Description
Venue: Aswan When: Daily
Aswan, most famous for its proximity to the eponymous dam, has its share of architectural wonders to parade for the public.
Among the sights you may want to catch are the nearby Aswan high dam, constructed in the 1960s using more than 18 times as much material as the Great Pyramid of Khufu (!), along with its sister structure, the original dam built by the British between 1898 and 1912 and located six kilometres further down-river.
Near Aswan lies the tomb of Mohammed Aga Khan, who died in 1957 and not far from the simple but beautiful crypt structure lies the sixth-century monastery of St Simeon, another site worth seeing.
Other sights include the Temple of Isis, relocated in the late 1960s from the island of Philae to nearby Agilkia, in connection with the construction of the second Aswan dam. The well-preserved and beautiful temple dates from the Ptolemaic period.
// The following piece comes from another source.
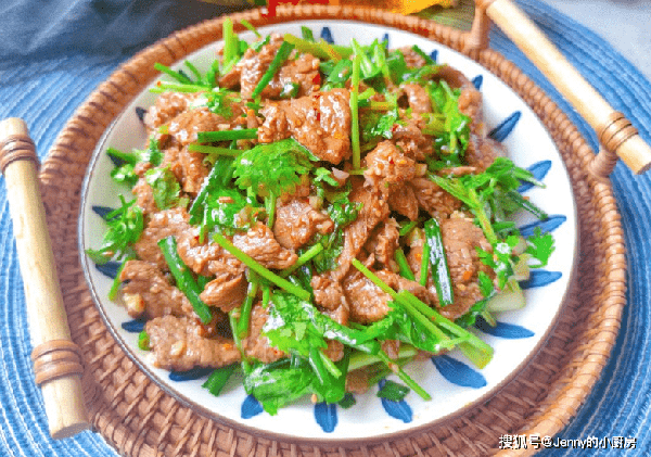 最後牛肉中倒入料汁攪拌均勻,再放入香菜攪拌均勻,就可以食用瞭。

If you're looking for a glimpse behind the curtains of the titanic labours of construction of Pharaonic Egypt, check out the unfinished obelisk lying in just outside Aswan, in a quarry of granite (Aswan was famous as a supplier of pink and gray granite for pharaonic construction enterprises). This juggernaut of a rock measures 137 feet in length and 14 feet at its widest. It was abandoned when it developed a crack in mid-carving.